We’ll give the city’s public-sector union chiefs the benefit of the doubt and assume they’re working diligently behind the scenes to make compensation concessions in order to avoid layoffs.

Because if they aren’t — if their public bluster isn’t just for the cameras — membes of the rank and file should have canned these guys months ago.

You would think, anyway.

The city faces a $70 million budget shortfall — and skyrocketing personnel costs have helped blow out the hole. Mayor Oscar Goodman says city employees should give up their scheduled raises and accept 8 percent pay cuts in each of the next two years.

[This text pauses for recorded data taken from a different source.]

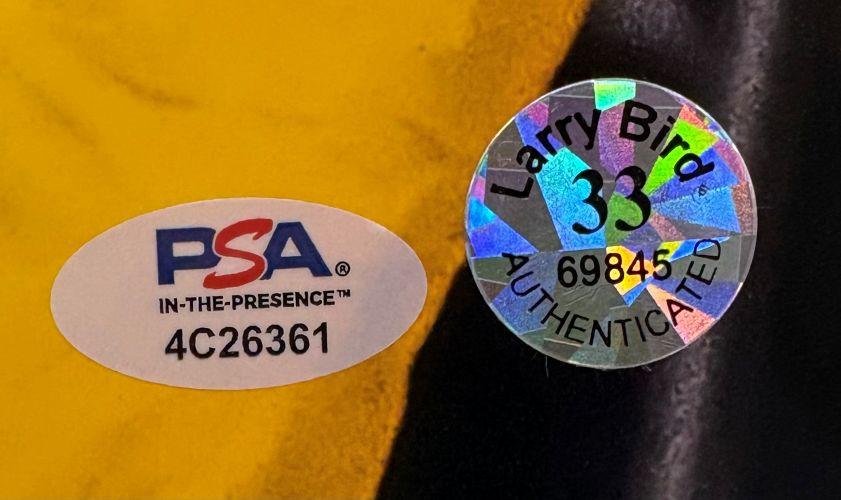 The autograph includes an official PSA/DNA hologram, an official Beckett Authentication Services serially numbered hologram, and an official Larry Bird player hologram for authenticity purposes. The signing of this item was witnessed by PSA.
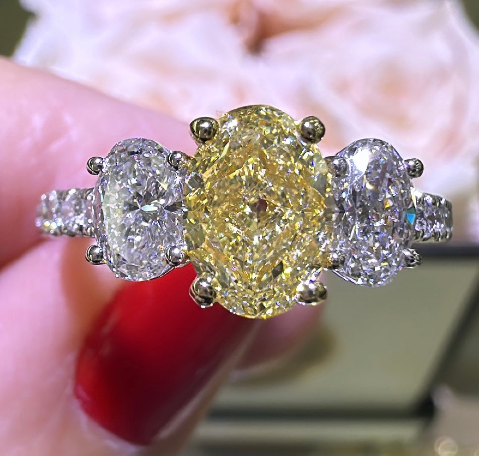 Experience the luxury and brilliance of our 1.97ct tw oval canary fancy yellow three stone diamond ring. With its elegant design and vibrant canary diamond, this ring will make a statement and add a touch of glamour to any outfit. Perfect for special occasions or as a symbol of your love and commitment.
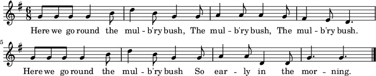 Here we go round the mulberry bush, The mulberry bush, The mulberry bush. Here we go round the mulberry bush On a cold and frosty morning.
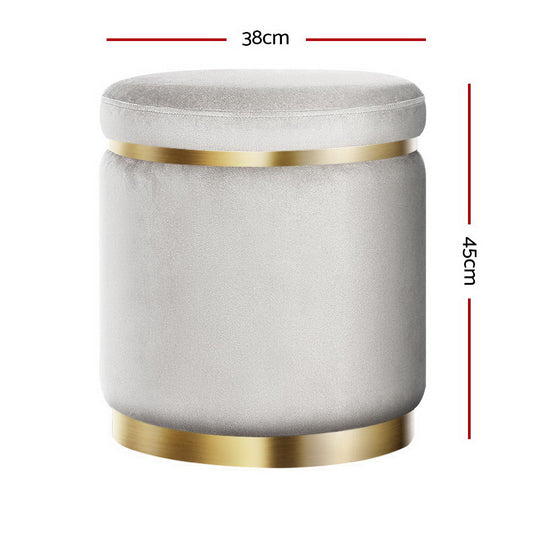 Artiss Ottoman Foot Stool Round Velvet Grey

Predictably, the unions haven’t been running to City Hall to cut a deal. But given what’s been commonplace in the beleaguered private sector, the mayor’s proposal is hardly out of line.

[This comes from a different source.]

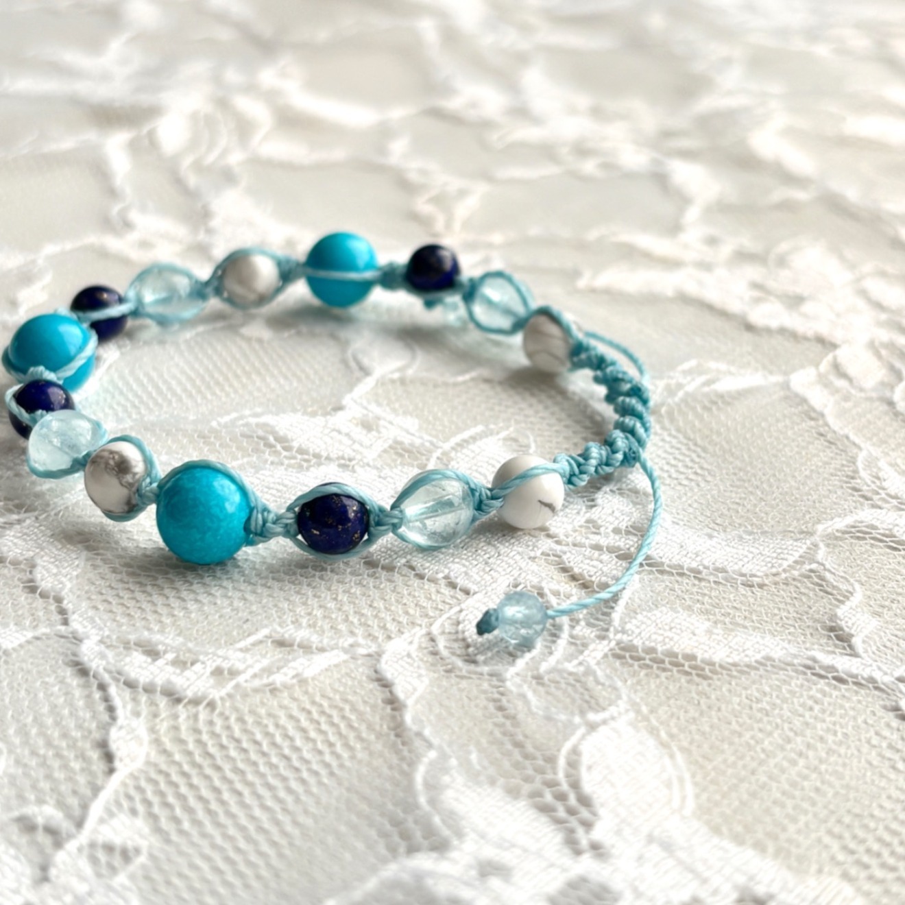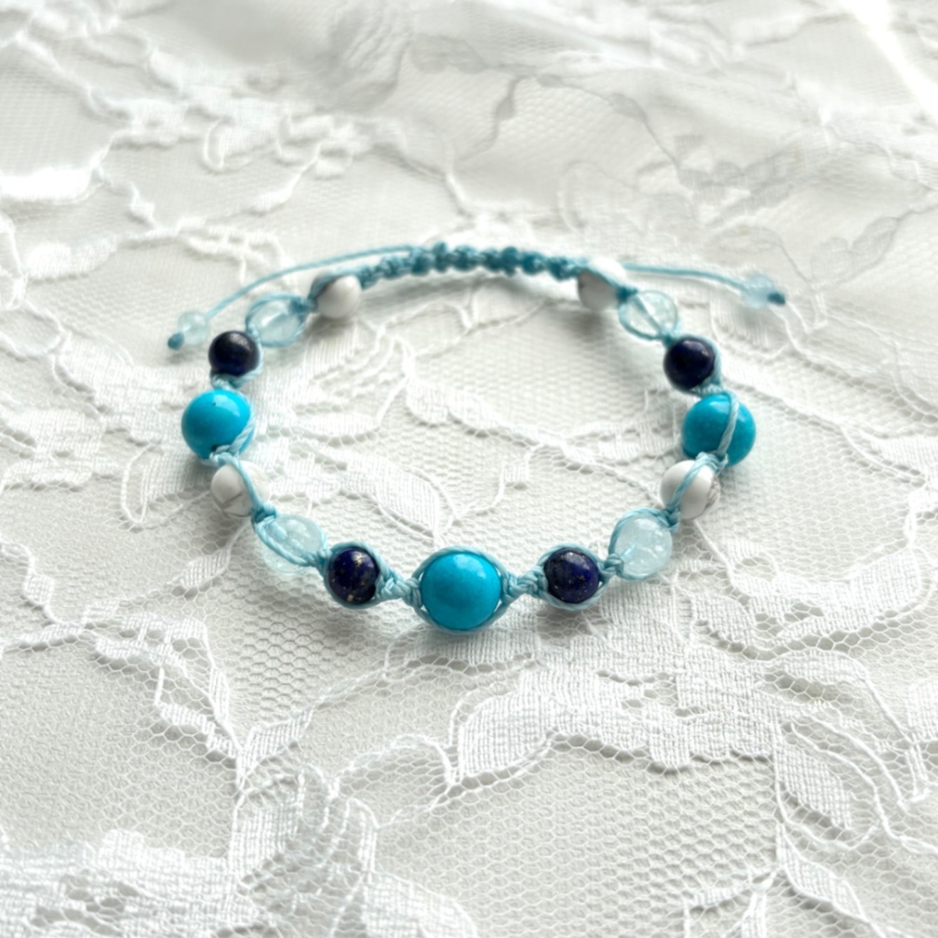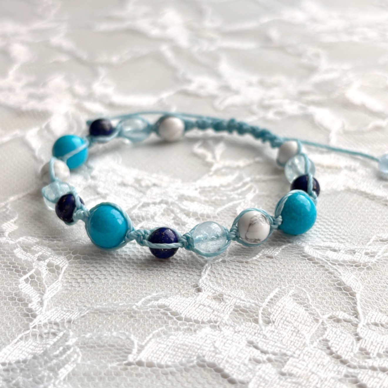 【ハンドメイド】ターコイズ ラピスラズリ ハウライト 天然石 マクラメ編み ブレスレット

Otherwise, city officials say they’re prepared to fire 146 workers if some concessions aren’t in place by June 1, when the new fiscal year begins. And Mayor Goodman took it a step further on Wednesday, and threatened to fire the lot of them — the entire municipal bureaucracy — and then rehire those who are willing to come back at reduced hours.

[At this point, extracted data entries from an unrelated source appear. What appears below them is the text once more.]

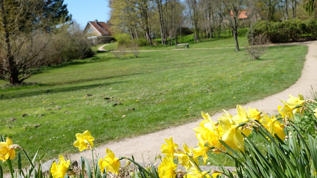 루이지애나 까페로 가는 길, 넓은 잔디로 이루어진 푸른 정원이 있어요.
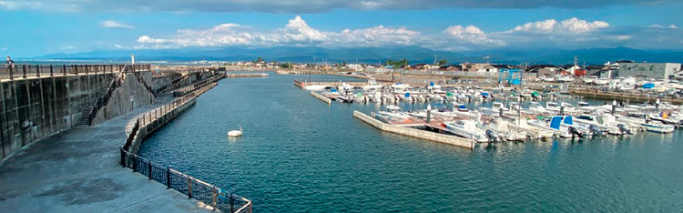 平成7年から整備が始まり、平成23年に「水橋フィッシャリーナ」として開港。ところが、平成29年の台風21号で親水防波堤北側(約40m)が破壊された他、フィッシャリーナ内海上係留施設も破損してしまったそう。平成30年にその改修工事が始まり、平成31年に改修が完了している。
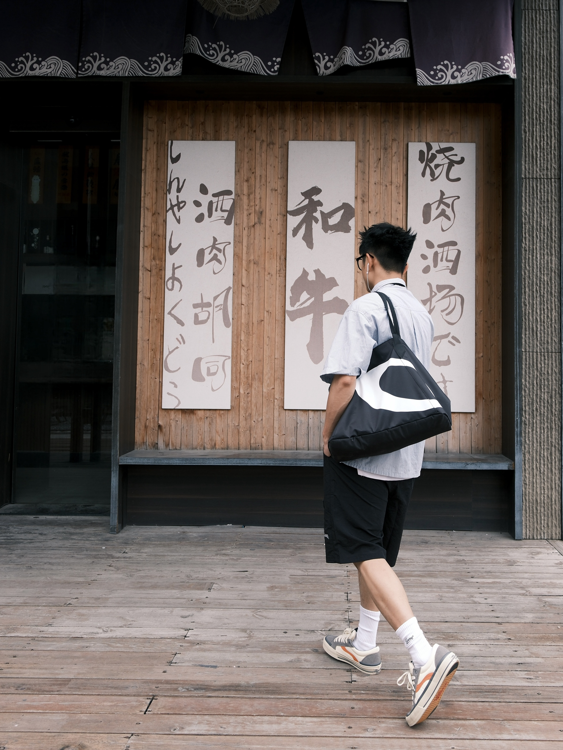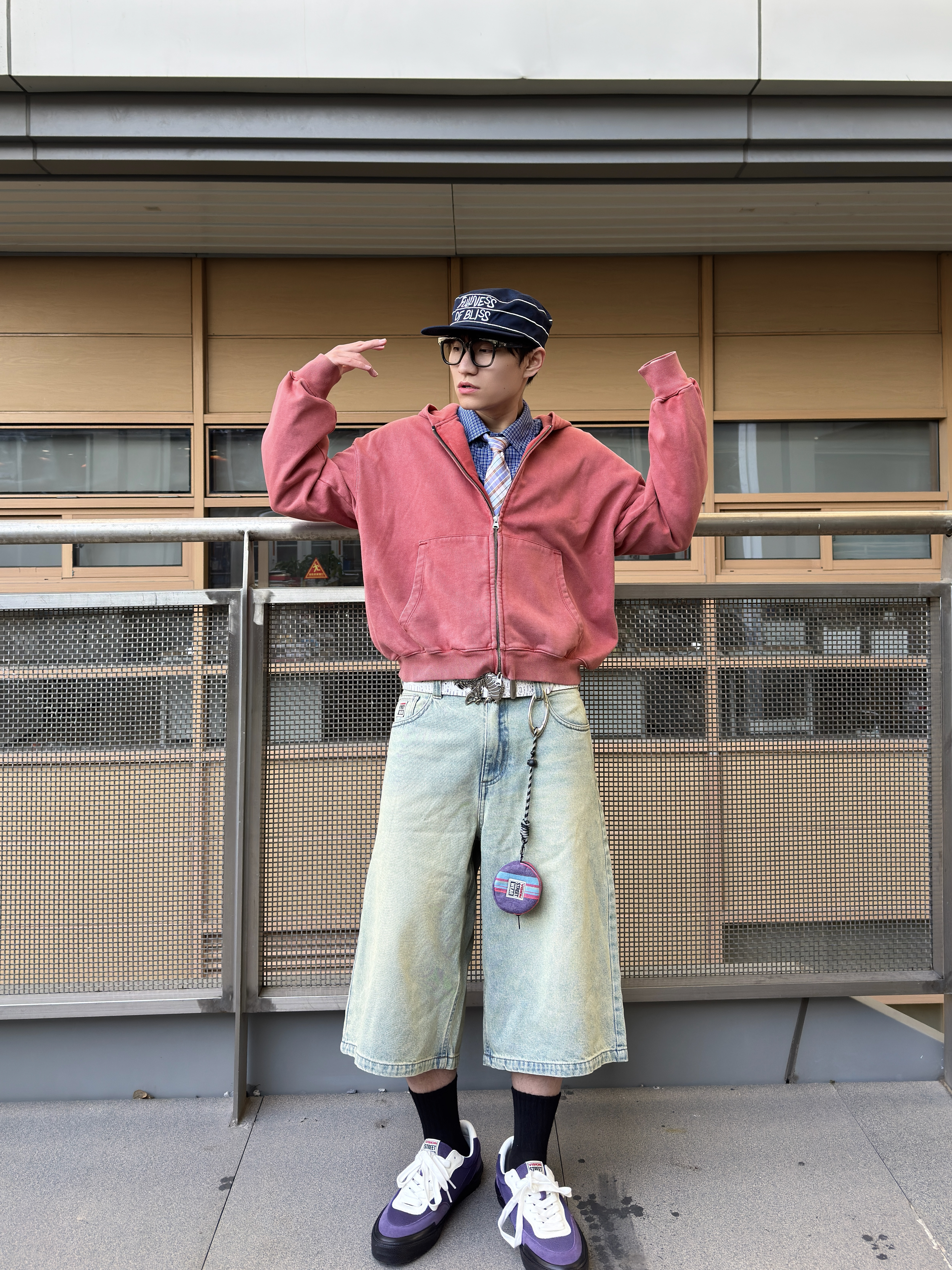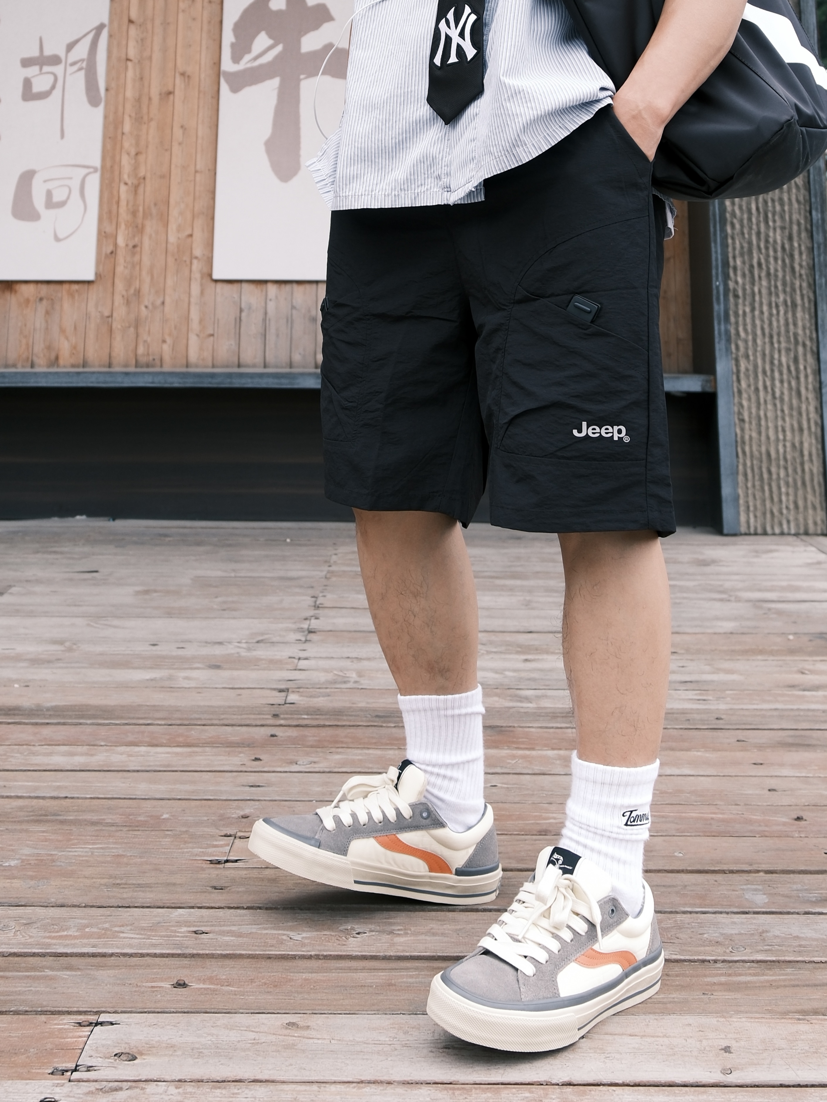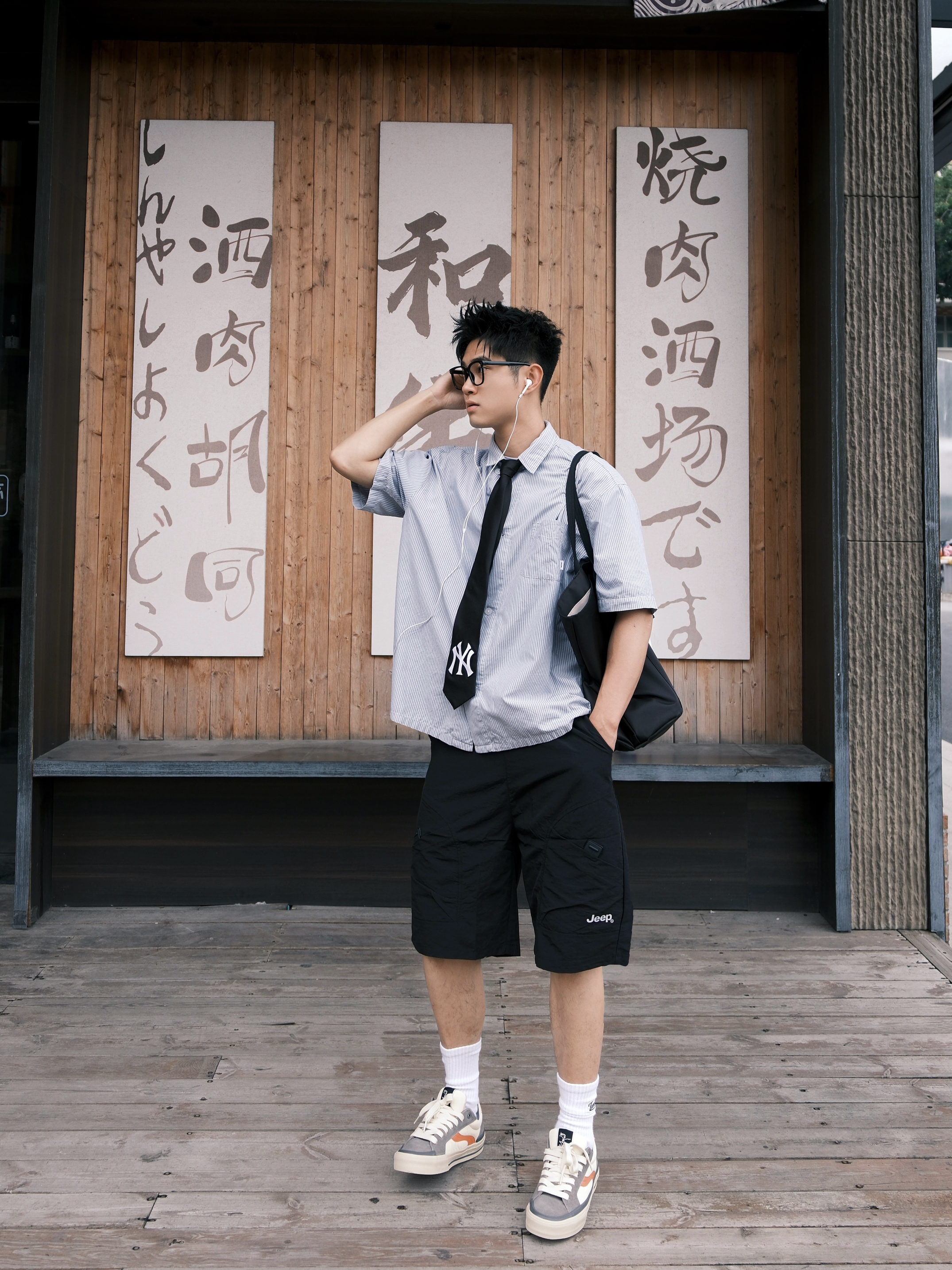 最近好像犯了春困💤 一整天都懒洋洋的不想动弹 今天下午天气不会太闷热,出门溜溜 ~ 蓝色条纹衫简直就是少年感利器 上身干净又减龄,内搭件白T就OK 打条领带点缀一下还挺加分 裤子是黑色的户外工装短裤 再上脚这双拼色街头板鞋 一整个日系少年感轻松拿捏咯

“If it’s legal, I’m going to propose it to the council,” the mayor said. “I think it’s the only way we’re going to save jobs.”

Union chief Chris Collins, representing city marshals, called the mayor a “bully.” So did Firefighter union boss Dean Fletcher. Meanwhile, Don King, head of the Las Vegas City Employees Association, noted he’s busy surveying his membership to determine how to proceed.

Well here’s a clue for you all. If you really want to save jobs and do what’s best for your members, you’ll realize that the city can’t remain solvent if it doesn’t get a handle on compensation costs. If it takes a “bully” to force government union leaders to understand that struggling taxpayers are neither willing nor able to ensure that city workers make it through this recession unscathed, so be it.